§ Data below
================================

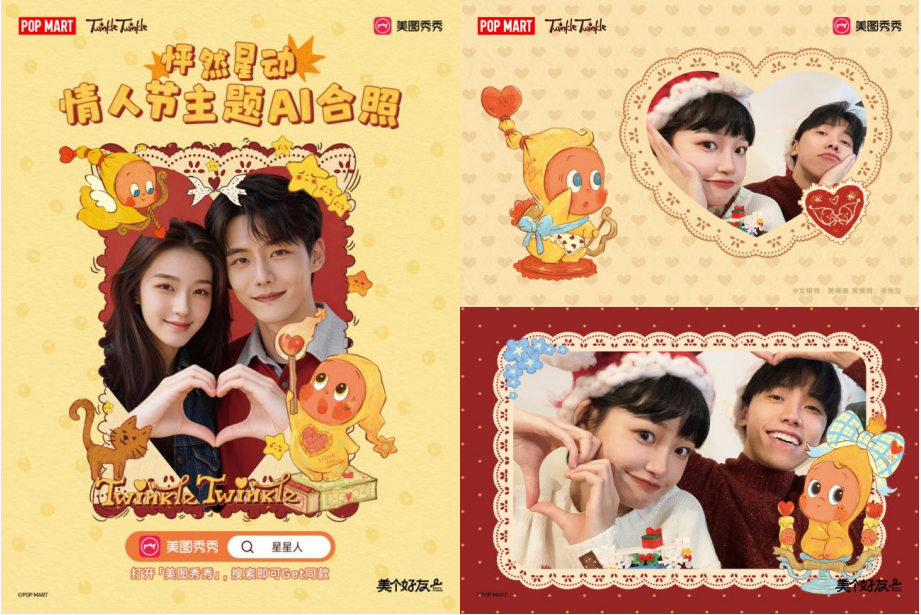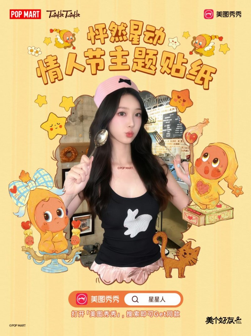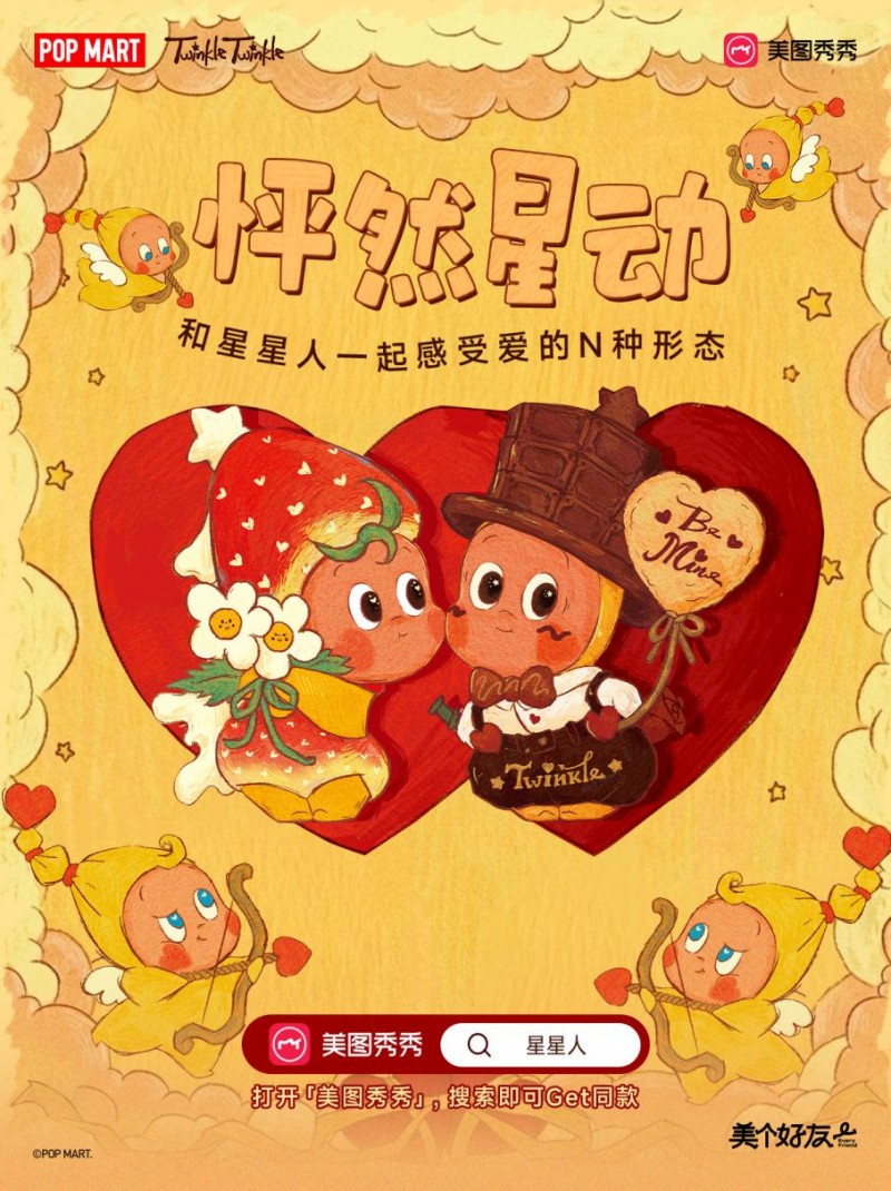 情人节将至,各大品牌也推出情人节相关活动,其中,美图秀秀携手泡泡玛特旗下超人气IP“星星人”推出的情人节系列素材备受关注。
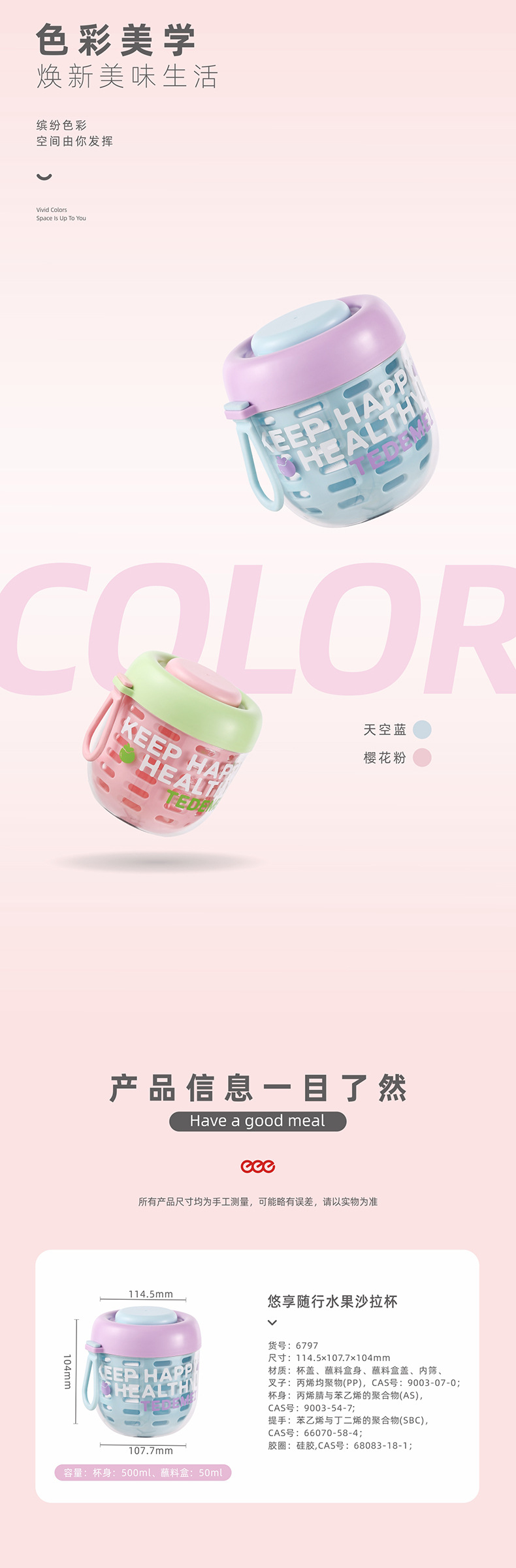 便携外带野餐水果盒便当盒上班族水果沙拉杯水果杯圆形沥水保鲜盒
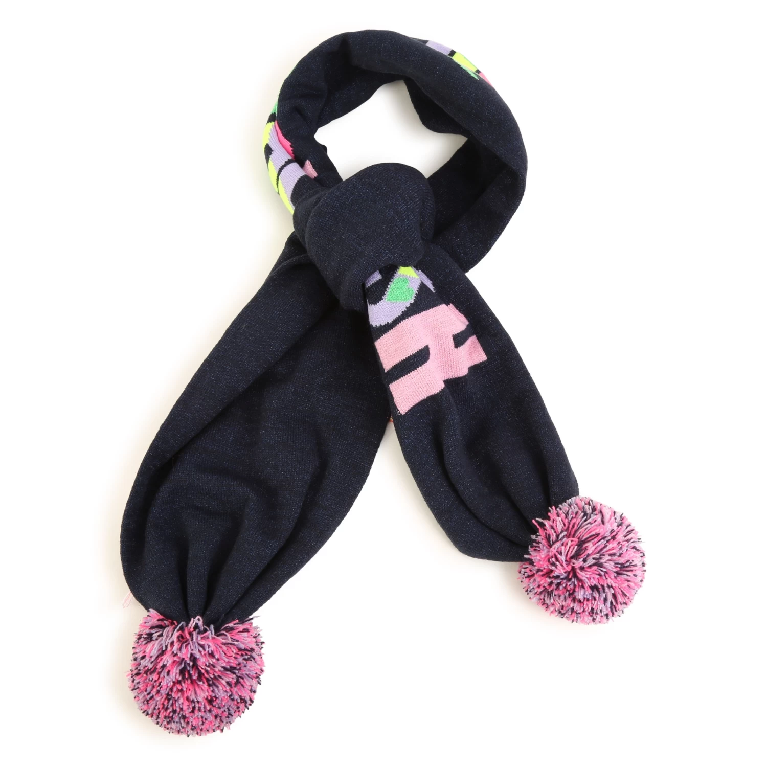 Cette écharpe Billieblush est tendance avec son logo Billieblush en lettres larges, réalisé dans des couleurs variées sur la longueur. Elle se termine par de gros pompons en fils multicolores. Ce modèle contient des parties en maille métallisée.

================================

§ Task objective
Copy out nothing but text: transcribe the listing exactly and skip each picture.

§ The completed task
 情人节将至,各大品牌也推出情人节相关活动,其中,美图秀秀携手泡泡玛特旗下超人气IP“星星人”推出的情人节系列素材备受关注。
 便携外带野餐水果盒便当盒上班族水果沙拉杯水果杯圆形沥水保鲜盒
 Cette écharpe Billieblush est tendance avec son logo Billieblush en lettres larges, réalisé dans des couleurs variées sur la longueur. Elle se termine par de gros pompons en fils multicolores. Ce modèle contient des parties en maille métallisée.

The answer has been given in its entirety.